> _Problem_: Copy each line of the data below exactly, leaving out pictures.

> _Input data_:
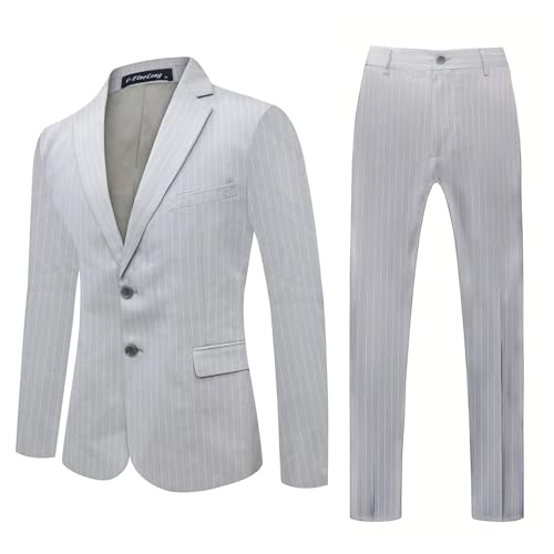 i·FineLong Men's 2 Piece Slim fit Suits Set Tuxedo,V Neck Notched Lapel,Groomsmen Prom Tuxedo Pinstripe Suit for Men
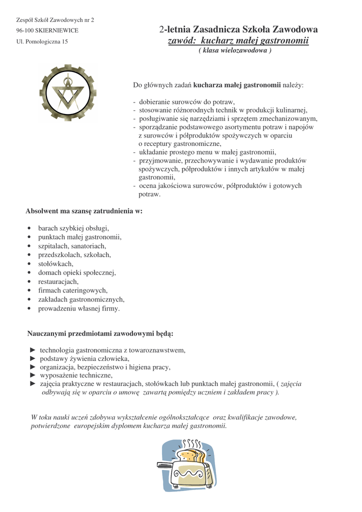 Zespół Szkół Zawodowych nr 2 2-letnia Zasadnicza Szkoła Zawodowa zawód: kucharz małej gastronomii 96-100 SKIERNIEWICE Ul. Pomologiczna 15 ( klasa wielozawodowa ) Do głównych zada kucharza małej gastronomii nale y: - dobieranie surowców do potraw, stosowanie ró norodnych technik w produkcji kulinarnej, posługiwanie si narz dziami i sprz tem zmechanizowanym, sporz dzanie podstawowego asortymentu potraw i napojów z surowców i półproduktów spo ywczych w oparciu o receptury gastronomiczne, - układanie prostego menu w małej gastronomii, - przyjmowanie, przechowywanie i wydawanie produktów spo ywczych, półproduktów i innych artykułów w małej gastronomii, - ocena jako ciowa surowców, półproduktów i gotowych potraw. Absolwent ma szans zatrudnienia w: • • • • • • • • • • barach szybkiej obsługi, punktach małej gastronomii, szpitalach, sanatoriach, przedszkolach, szkołach, stołówkach, domach opieki społecznej, restauracjach, firmach cateringowych, zakładach gastronomicznych, prowadzeniu własnej firmy. Nauczanymi przedmiotami zawodowymi b d : technologia gastronomiczna z towaroznawstwem, podstawy ywienia człowieka, organizacja, bezpiecze stwo i higiena pracy, wyposa enie techniczne, zaj cia praktyczne w restauracjach, stołówkach lub punktach małej gastronomii, ( zaj cia odbywaj si w oparciu o umow zawart pomi dzy uczniem i zakładem pracy ). W toku nauki ucze zdobywa wykształcenie ogólnokształc ce oraz kwalifikacje zawodowe, potwierdzone europejskim dyplomem kucharza małej gastronomii.
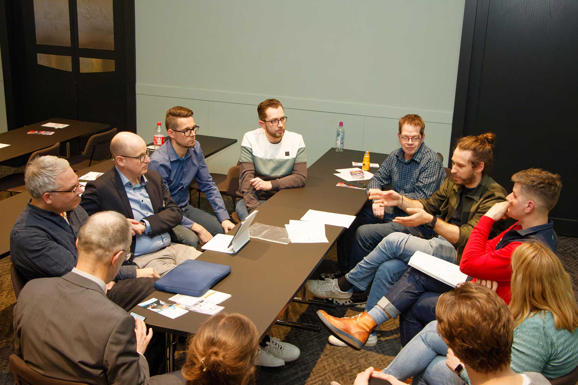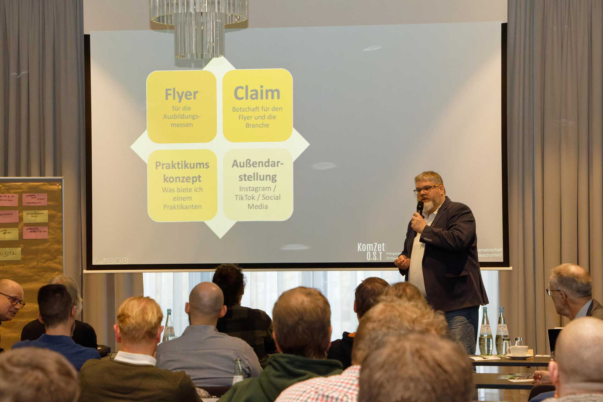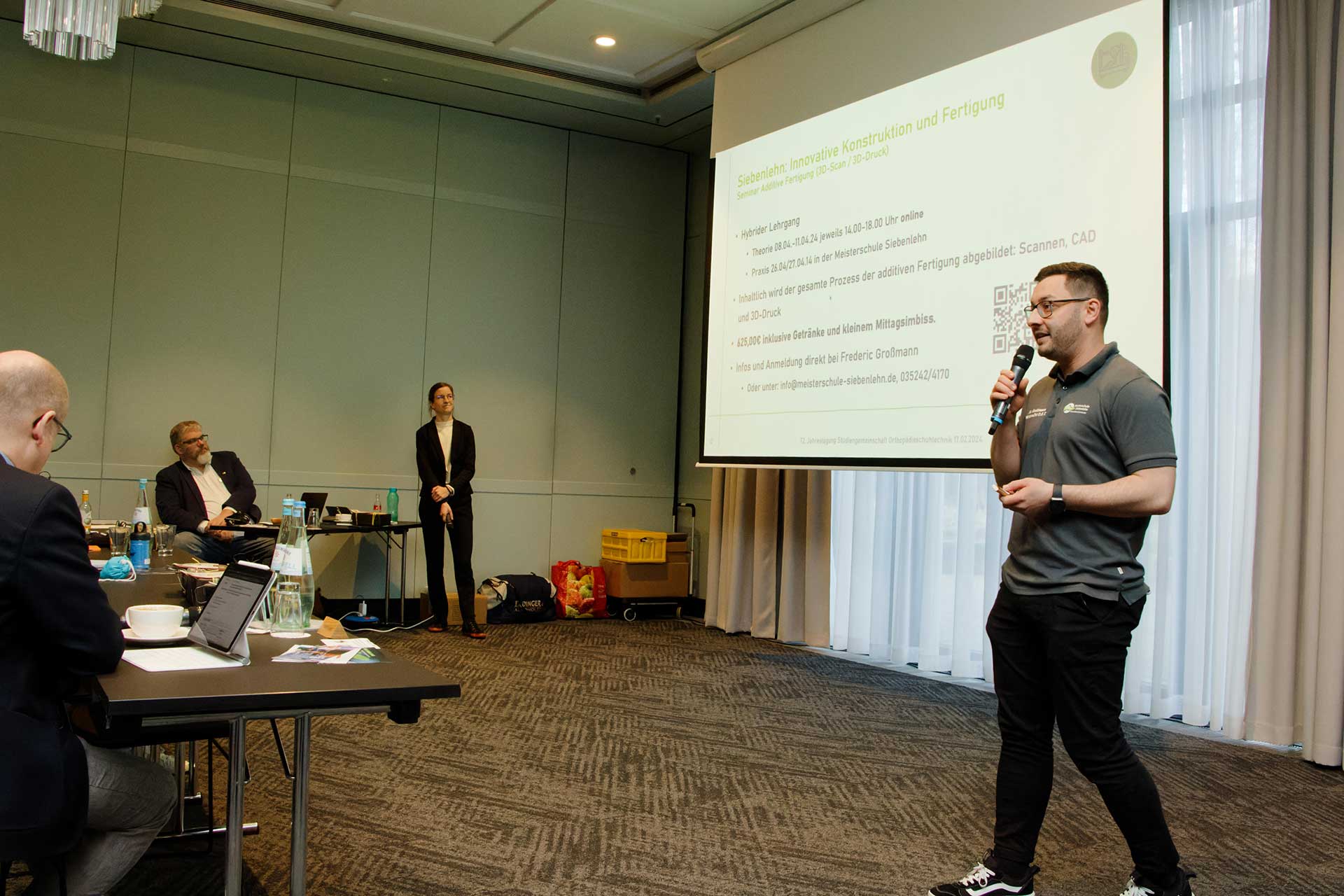 Die neue Sitzordnung war zunächst etwas fremd, aber wer bei der Coronatagung 2022 dabei war kann sich noch daran erinnern, dass der Saal schon einmal quer stand. Dieses Konzept hat das Remarque als Vienna House Hotel jetzt übernommen und so haben wir zwei Leinwände und zwei Beamer gleichzeitig bespielt. Inhaltlich ging es aber, wie immer, gleich in die Vollen. Am Vormittag des ersten Tages drehte sich alles um die Versorgung von Sportlern und Überlastungsbeschwerden. Vor der Mittagspause stand dann, wie in den vergangenen Jahren auch, die Ehrengastlecture auf dem Programm. Dieses Jahr hatten wir die Freude Prof. Dr. P. Lobenhoffer zu ehren und der einen Vortrag über die Auswirkungen von Achsdeformitäten auf Knie- und Sprunggelenk hielt. Besonders beeindruckend dabei war, dass mehrere Osteotomien ein Fehlstellung wieder korrigieren können und damit sogar die „Selbstheilungskräfte“ des Körpers aktiviert werden. Prof. Lobenhoffer ist Vizepräsident der GOTS (Gesellschaft für Orthopädiesch-Traumatoloische Sportmedizin) und leitender Arzt der go:h in Hannover. Aber auch die weiteren Themen des Freitags waren hören- und sehenswert. Dabei haben wir immer versucht zwischen medizinischen und handwerklichen Vorträgen zum Thema zu wechseln. Denn der interdisziplinäre Austausch und der gegenseitige Respekt sind wichtiger den je um eine gute Versorgung und das Bestmögliche für den Patienten zu erreichen. Dies unterstrichen auch die Referenten aus der Ärzteschaft, allen Voran Prof. Dr. M. Engelhardt, der sich wie immer um die Auswahl der medizinischen Vorträge gekümmert hat, und der Präsident der D.A.F. (deutschen Assoziation für Fuß und Sprunggelenk e.V.), Dr. J. Dohle.Am Samstag ging es dann mit aktuellen Behandlungsmethoden bei DFS und ausgeprägten Fuß- und Sprunggelenksdeformitäten weiter. Dieser Block wurde von Prof. Dr. B. Greitemann und Prof. Dr. V. Valderrabano souverän von zwei bekannten Gesichtern in Osnabrück vertreten. Neu war OSM L. Lelgemann, der über die orthopädieschuhtechnischen Versorgungsoptionen berichtete. Im 6. Block wurde es dann technisch, als es um die neusten Einsichten bei der SMFO (Sensomotoric Foot Orthesis) ging. Nach der Mittagspause stellte dann Dr. A. Kerkhoff die aktuellen Entwicklungen im KomZet O.S.T. vor und leitete zum Open Space über, der sich mit dem Thema „Gemeinsam Zukunft Gestalten“ grundsätzlichen Fragen des Orhtopädieschuhmacherhandwerks stellte.

> _Exercise response_:
 i·FineLong Men's 2 Piece Slim fit Suits Set Tuxedo,V Neck Notched Lapel,Groomsmen Prom Tuxedo Pinstripe Suit for Men
 Zespół Szkół Zawodowych nr 2 2-letnia Zasadnicza Szkoła Zawodowa zawód: kucharz małej gastronomii 96-100 SKIERNIEWICE Ul. Pomologiczna 15 ( klasa wielozawodowa ) Do głównych zada kucharza małej gastronomii nale y: - dobieranie surowców do potraw, stosowanie ró norodnych technik w produkcji kulinarnej, posługiwanie si narz dziami i sprz tem zmechanizowanym, sporz dzanie podstawowego asortymentu potraw i napojów z surowców i półproduktów spo ywczych w oparciu o receptury gastronomiczne, - układanie prostego menu w małej gastronomii, - przyjmowanie, przechowywanie i wydawanie produktów spo ywczych, półproduktów i innych artykułów w małej gastronomii, - ocena jako ciowa surowców, półproduktów i gotowych potraw. Absolwent ma szans zatrudnienia w: • • • • • • • • • • barach szybkiej obsługi, punktach małej gastronomii, szpitalach, sanatoriach, przedszkolach, szkołach, stołówkach, domach opieki społecznej, restauracjach, firmach cateringowych, zakładach gastronomicznych, prowadzeniu własnej firmy. Nauczanymi przedmiotami zawodowymi b d : technologia gastronomiczna z towaroznawstwem, podstawy ywienia człowieka, organizacja, bezpiecze stwo i higiena pracy, wyposa enie techniczne, zaj cia praktyczne w restauracjach, stołówkach lub punktach małej gastronomii, ( zaj cia odbywaj si w oparciu o umow zawart pomi dzy uczniem i zakładem pracy ). W toku nauki ucze zdobywa wykształcenie ogólnokształc ce oraz kwalifikacje zawodowe, potwierdzone europejskim dyplomem kucharza małej gastronomii.
 Die neue Sitzordnung war zunächst etwas fremd, aber wer bei der Coronatagung 2022 dabei war kann sich noch daran erinnern, dass der Saal schon einmal quer stand. Dieses Konzept hat das Remarque als Vienna House Hotel jetzt übernommen und so haben wir zwei Leinwände und zwei Beamer gleichzeitig bespielt. Inhaltlich ging es aber, wie immer, gleich in die Vollen. Am Vormittag des ersten Tages drehte sich alles um die Versorgung von Sportlern und Überlastungsbeschwerden. Vor der Mittagspause stand dann, wie in den vergangenen Jahren auch, die Ehrengastlecture auf dem Programm. Dieses Jahr hatten wir die Freude Prof. Dr. P. Lobenhoffer zu ehren und der einen Vortrag über die Auswirkungen von Achsdeformitäten auf Knie- und Sprunggelenk hielt. Besonders beeindruckend dabei war, dass mehrere Osteotomien ein Fehlstellung wieder korrigieren können und damit sogar die „Selbstheilungskräfte“ des Körpers aktiviert werden. Prof. Lobenhoffer ist Vizepräsident der GOTS (Gesellschaft für Orthopädiesch-Traumatoloische Sportmedizin) und leitender Arzt der go:h in Hannover. Aber auch die weiteren Themen des Freitags waren hören- und sehenswert. Dabei haben wir immer versucht zwischen medizinischen und handwerklichen Vorträgen zum Thema zu wechseln. Denn der interdisziplinäre Austausch und der gegenseitige Respekt sind wichtiger den je um eine gute Versorgung und das Bestmögliche für den Patienten zu erreichen. Dies unterstrichen auch die Referenten aus der Ärzteschaft, allen Voran Prof. Dr. M. Engelhardt, der sich wie immer um die Auswahl der medizinischen Vorträge gekümmert hat, und der Präsident der D.A.F. (deutschen Assoziation für Fuß und Sprunggelenk e.V.), Dr. J. Dohle.Am Samstag ging es dann mit aktuellen Behandlungsmethoden bei DFS und ausgeprägten Fuß- und Sprunggelenksdeformitäten weiter. Dieser Block wurde von Prof. Dr. B. Greitemann und Prof. Dr. V. Valderrabano souverän von zwei bekannten Gesichtern in Osnabrück vertreten. Neu war OSM L. Lelgemann, der über die orthopädieschuhtechnischen Versorgungsoptionen berichtete. Im 6. Block wurde es dann technisch, als es um die neusten Einsichten bei der SMFO (Sensomotoric Foot Orthesis) ging. Nach der Mittagspause stellte dann Dr. A. Kerkhoff die aktuellen Entwicklungen im KomZet O.S.T. vor und leitete zum Open Space über, der sich mit dem Thema „Gemeinsam Zukunft Gestalten“ grundsätzlichen Fragen des Orhtopädieschuhmacherhandwerks stellte.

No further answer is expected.